__EXERCISE AIM__
Take the line containing "Company, el portero" and every line after it to the end of the records, and copy them exactly, excluding pictures.

__EXERCISE MATERIAL__
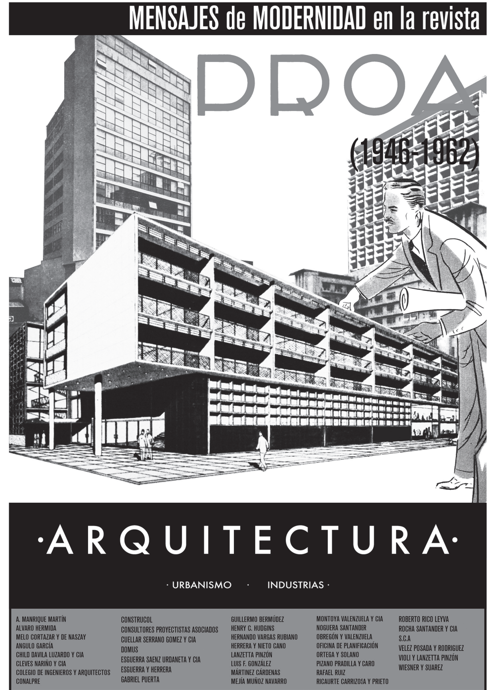
Fig 2. Imagen resumen de publicidades de arquitectos en revista Proa, Colombia, 1946-1962.
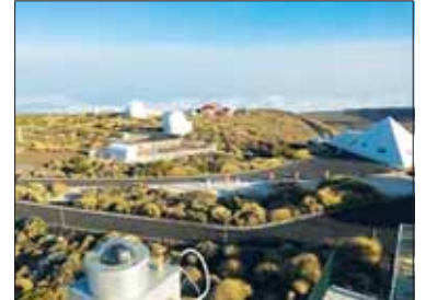
Tenerifės (Grand Canaria) Astrofizikos instituto Teide observatorija.
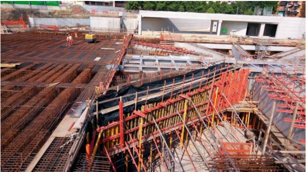
Foto 2 – Getto Trave T4 lato Est e cassera Trave T5 lato Ovest, Ventaglio Asse 33
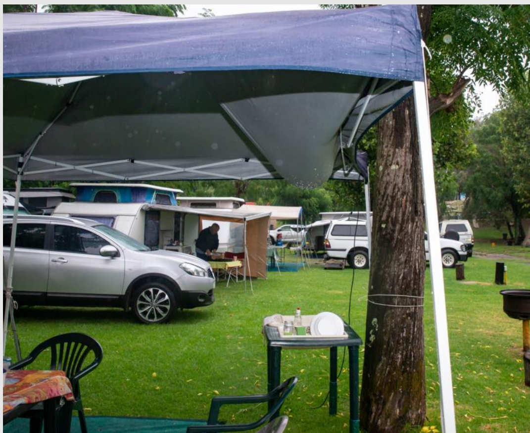
Saterdag nag het dit goed gereën; daar was selfs donderweer ook. Kyk hoe het die reënwater opgedam in Riaan en Petro Steyn se gazebo.
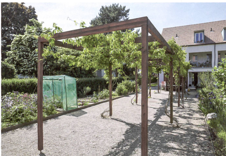
Vielfältige Nutzungsmöglichkeiten im klaren Raster.

Die Siedlung, die sich in die kleinteilige Umgebung einfügt, besteht aus zwei parallel angeordneten, zweistöckigen Gebäudezeilen mit ausgebautem Dachgeschoss. Die Riegel sind spiegelbildlich in den geräumigen Innenhof orientiert. Zusammen mit den breiten, wohnlich eingerichteten Laubengängen, die über einen Lift bequem auch in die oberen Wohnungen führen, begünstigen sie tägliche Kontakte und zufällige Begegnungen. Ist in einer der Wohnungen der Rollladen einmal nicht hochgezogen, wird nachgeschaut. An den äusseren Flanken der beiden
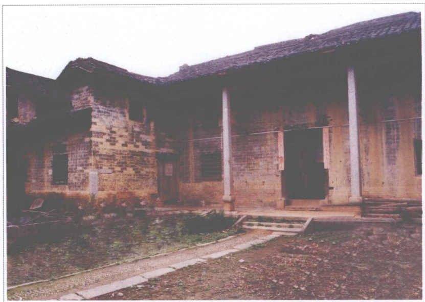
▲ 中共湘鄂赣省第一次代表大会会址——大围山镇楚东山
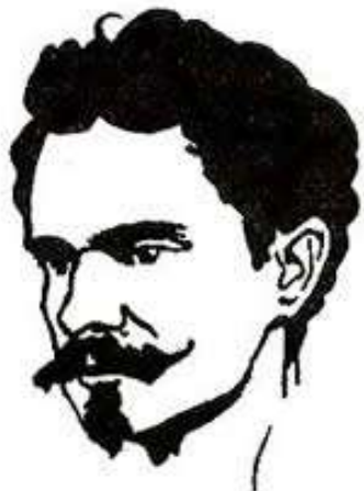
Figura 2: Alphonsus de Guimarães (1870–1921) (Desenho de Calixto; )
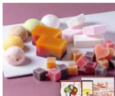
YS-96〈風流堂〉 風流菓子詰合せ 5,483円(本体5,076円) 277118 送料込 日の出(200g×2)×1、五線の味わいひとくち饅頭5個入 ×1、山川古今4本入×1、遊びかん80g×1 賞味期限:常温で11日
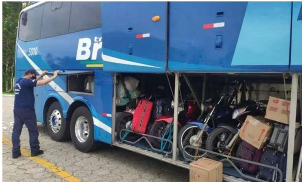
Viagens fretadas não seguem regras impostas às empresas regulares, como itens que podem ser transportados nos bagageiros

17/02/2021 06:00 - atualizado 17/02/2021 07:50
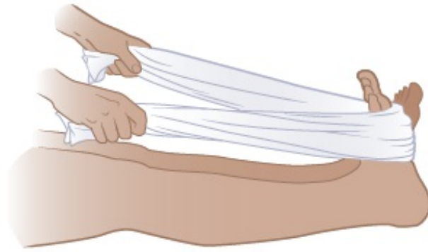
图 4. 脚部拉伸
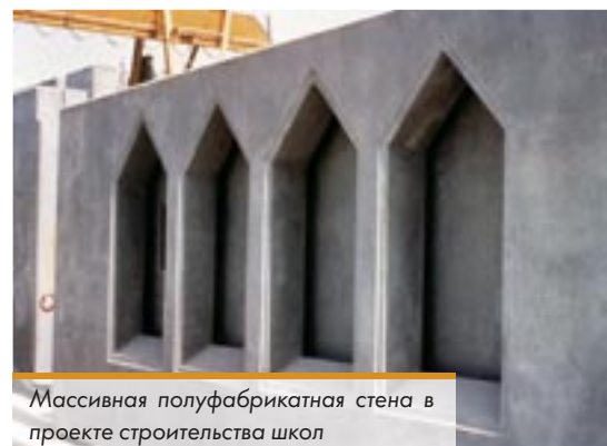
Массивная полуфабрикатная стена в проекте строительства школ
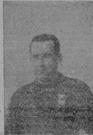
Company, el portero del Constancia, que ha vivido la época más interesante de los Constancia-Mallorca

En el ímo de todos, está el +4 del Mallorca y el +1 del Constancia. Fijese el lector en el detalle de lo que podría ocurrir, si venciera el Constancia. Mientras el Mallorca restaría dos puntos positivos y se quedaría por tanto +2 en la clasificación, el Constancia sumaría +3 y le sobrepasaría en un punto en la clasificación real. ¿Tiene o no tiene, pues, consecuencias graves este encuentro? ¿Puede o no puede perjudicar de veras al Ma-
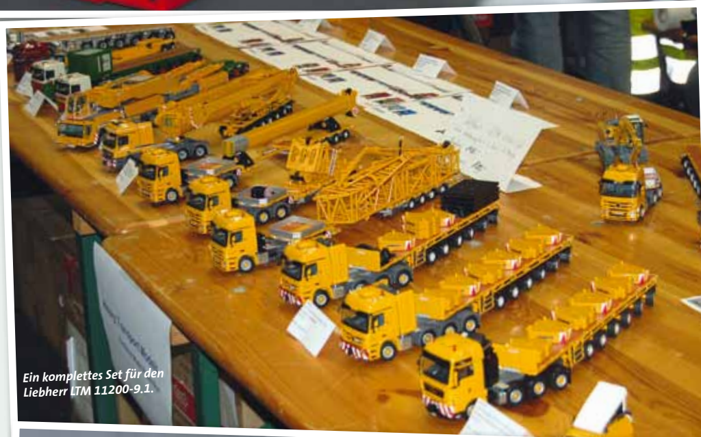
Ein komplettes Set für den Liebherr LTM 11200-9.1.

__ANSWER SECTION__
Company, el portero del Constancia, que ha vivido la época más interesante de los Constancia-Mallorca

En el ímo de todos, está el +4 del Mallorca y el +1 del Constancia. Fijese el lector en el detalle de lo que podría ocurrir, si venciera el Constancia. Mientras el Mallorca restaría dos puntos positivos y se quedaría por tanto +2 en la clasificación, el Constancia sumaría +3 y le sobrepasaría en un punto en la clasificación real. ¿Tiene o no tiene, pues, consecuencias graves este encuentro? ¿Puede o no puede perjudicar de veras al Ma-
Ein komplettes Set für den Liebherr LTM 11200-9.1.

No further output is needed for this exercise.